## RECORDS

# # # # #

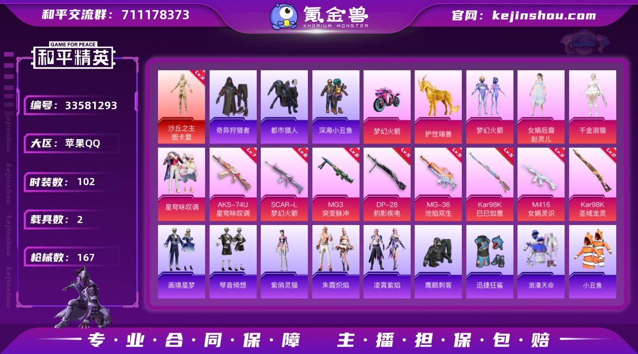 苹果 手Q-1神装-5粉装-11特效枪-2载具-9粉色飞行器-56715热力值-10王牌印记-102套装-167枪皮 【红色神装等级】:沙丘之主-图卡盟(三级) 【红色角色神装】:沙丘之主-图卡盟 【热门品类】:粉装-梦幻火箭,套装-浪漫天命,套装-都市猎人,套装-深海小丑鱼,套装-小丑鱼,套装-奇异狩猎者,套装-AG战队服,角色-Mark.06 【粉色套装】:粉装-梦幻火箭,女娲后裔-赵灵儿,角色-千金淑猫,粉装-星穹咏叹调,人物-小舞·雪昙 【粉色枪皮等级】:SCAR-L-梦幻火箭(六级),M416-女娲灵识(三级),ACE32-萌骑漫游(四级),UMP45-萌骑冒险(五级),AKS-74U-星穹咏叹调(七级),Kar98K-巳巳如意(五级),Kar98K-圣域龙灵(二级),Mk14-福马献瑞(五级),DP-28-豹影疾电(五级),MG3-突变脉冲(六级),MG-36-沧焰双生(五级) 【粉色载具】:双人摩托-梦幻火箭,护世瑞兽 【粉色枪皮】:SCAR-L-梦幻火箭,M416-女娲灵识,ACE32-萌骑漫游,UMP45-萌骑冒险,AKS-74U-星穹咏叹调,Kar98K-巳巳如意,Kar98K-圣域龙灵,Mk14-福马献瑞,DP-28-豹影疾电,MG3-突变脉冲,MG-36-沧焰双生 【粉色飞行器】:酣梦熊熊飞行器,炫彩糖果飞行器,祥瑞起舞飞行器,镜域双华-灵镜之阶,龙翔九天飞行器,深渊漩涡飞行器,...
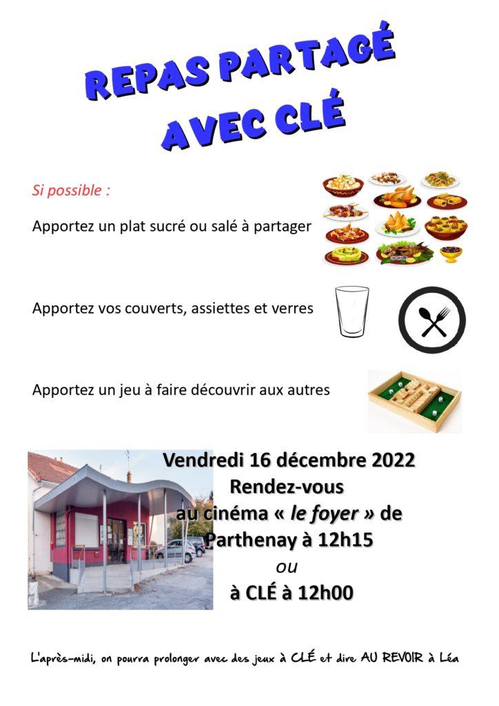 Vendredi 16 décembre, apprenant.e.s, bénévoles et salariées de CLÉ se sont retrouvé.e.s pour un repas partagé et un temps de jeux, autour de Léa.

# # # # #

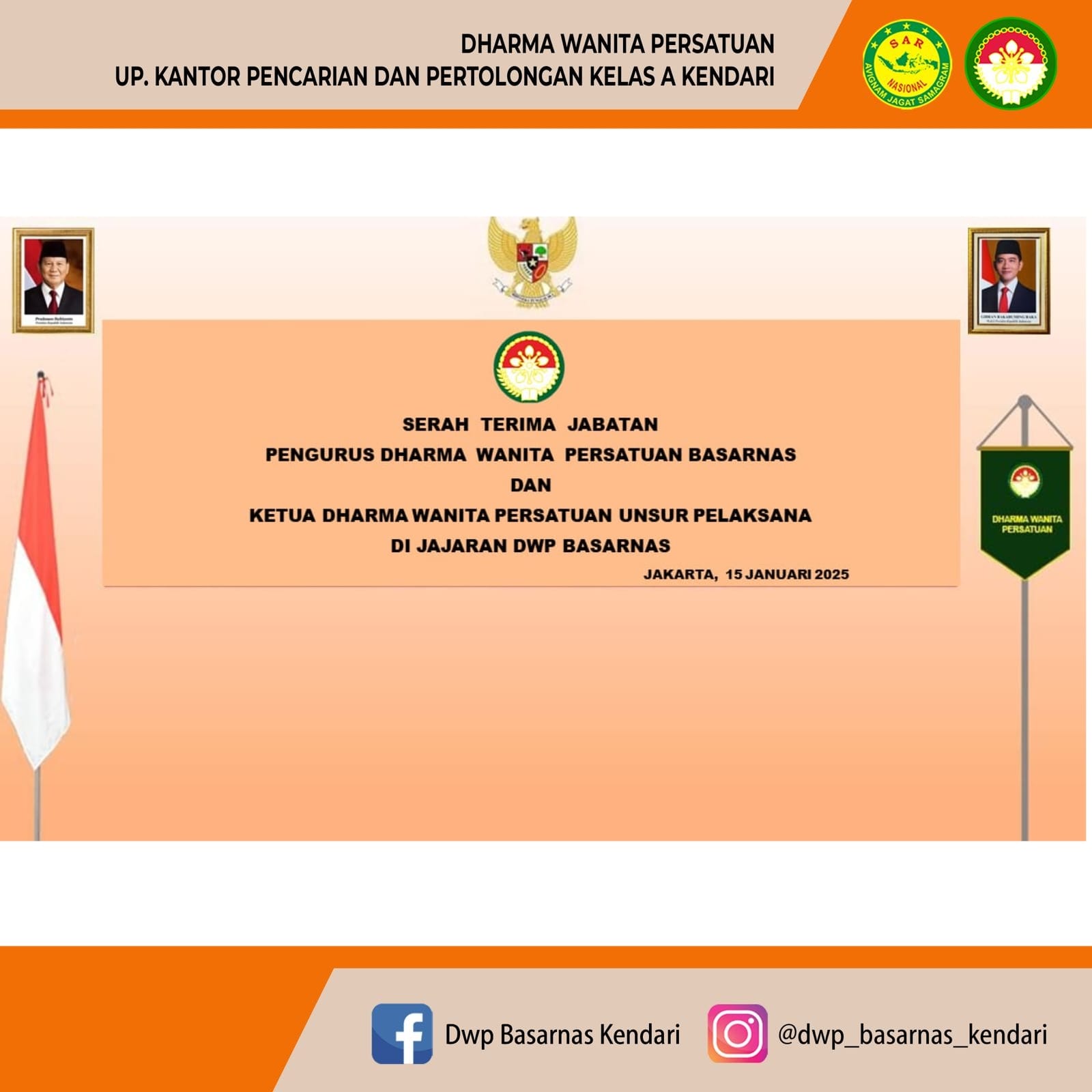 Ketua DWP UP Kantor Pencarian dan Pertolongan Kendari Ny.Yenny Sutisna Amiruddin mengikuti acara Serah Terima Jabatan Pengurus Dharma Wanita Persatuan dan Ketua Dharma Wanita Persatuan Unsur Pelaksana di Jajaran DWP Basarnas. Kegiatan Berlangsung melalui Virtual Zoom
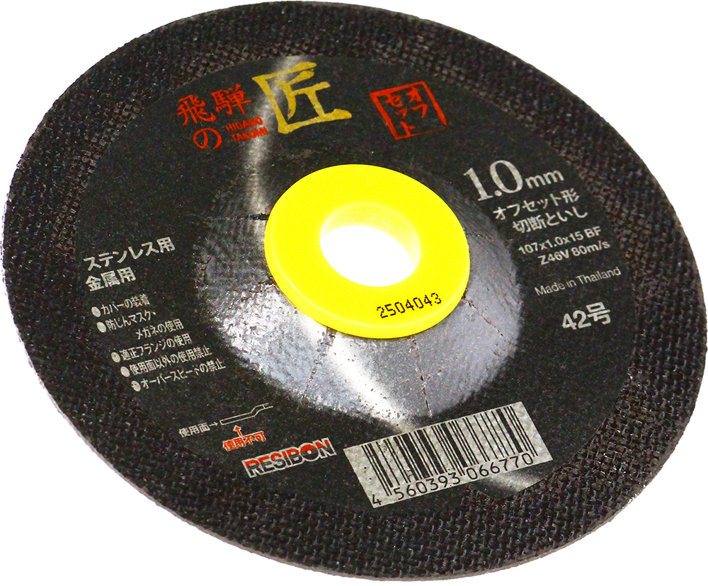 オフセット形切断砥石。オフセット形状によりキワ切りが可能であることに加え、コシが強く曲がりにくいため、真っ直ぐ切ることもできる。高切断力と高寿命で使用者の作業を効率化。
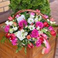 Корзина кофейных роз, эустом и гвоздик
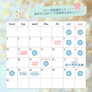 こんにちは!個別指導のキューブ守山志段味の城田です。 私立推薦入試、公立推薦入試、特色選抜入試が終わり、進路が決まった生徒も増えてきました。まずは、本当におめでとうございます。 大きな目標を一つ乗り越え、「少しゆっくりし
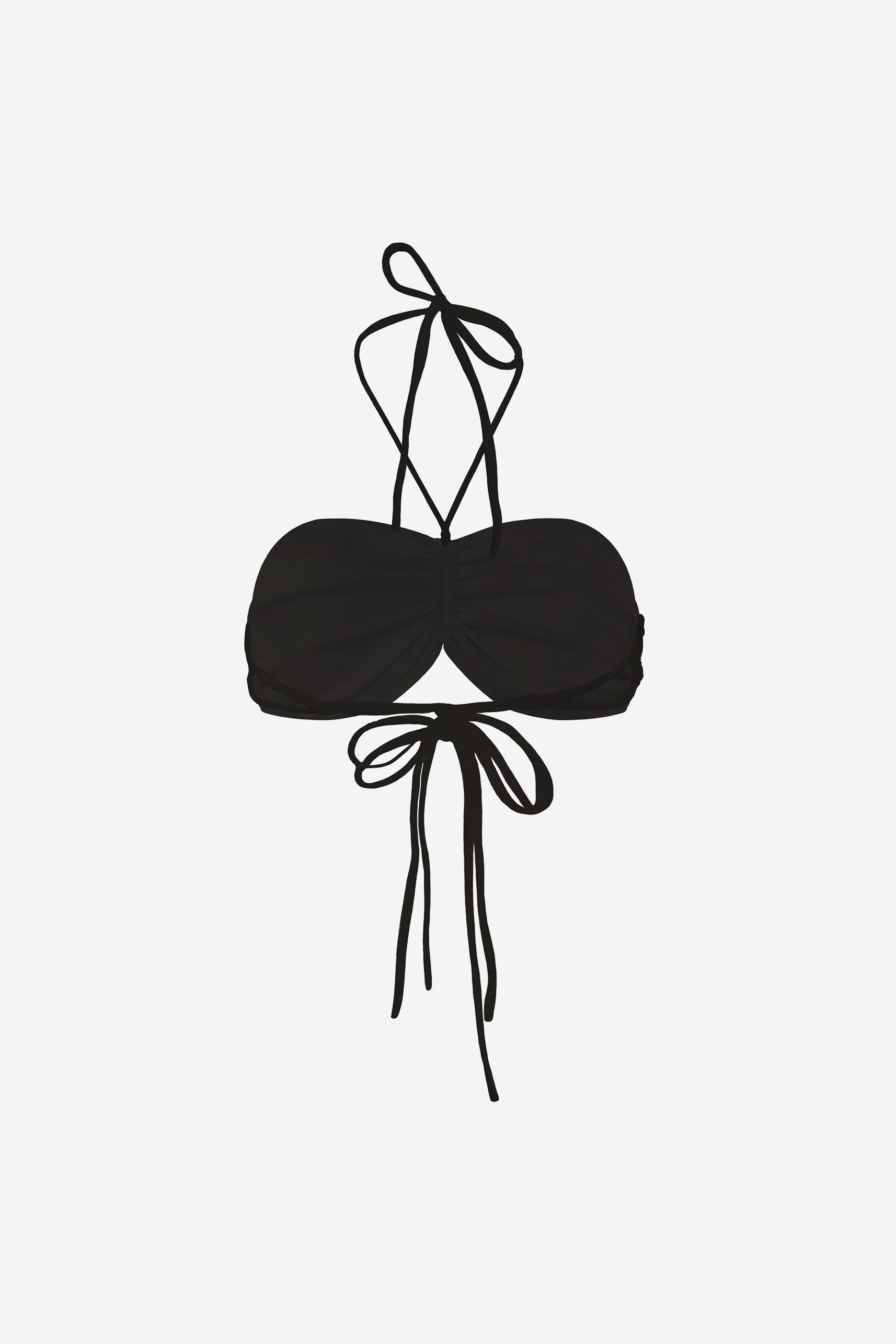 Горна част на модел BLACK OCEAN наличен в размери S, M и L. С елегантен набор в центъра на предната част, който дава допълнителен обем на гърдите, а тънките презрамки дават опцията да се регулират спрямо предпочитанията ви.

# # # # #

## ACTIVITY
The lines to copy exactly start with the line above that has "オフセット形切断砥石。オフセ" and go on through the line that has "Горна част на"; please include both, add nothing else, and omit the pictures.

## SOLUTION TO THE PROBLEM
 オフセット形切断砥石。オフセット形状によりキワ切りが可能であることに加え、コシが強く曲がりにくいため、真っ直ぐ切ることもできる。高切断力と高寿命で使用者の作業を効率化。
 Корзина кофейных роз, эустом и гвоздик
 こんにちは!個別指導のキューブ守山志段味の城田です。 私立推薦入試、公立推薦入試、特色選抜入試が終わり、進路が決まった生徒も増えてきました。まずは、本当におめでとうございます。 大きな目標を一つ乗り越え、「少しゆっくりし
 Горна част на модел BLACK OCEAN наличен в размери S, M и L. С елегантен набор в центъра на предната част, който дава допълнителен обем на гърдите, а тънките презрамки дават опцията да се регулират спрямо предпочитанията ви.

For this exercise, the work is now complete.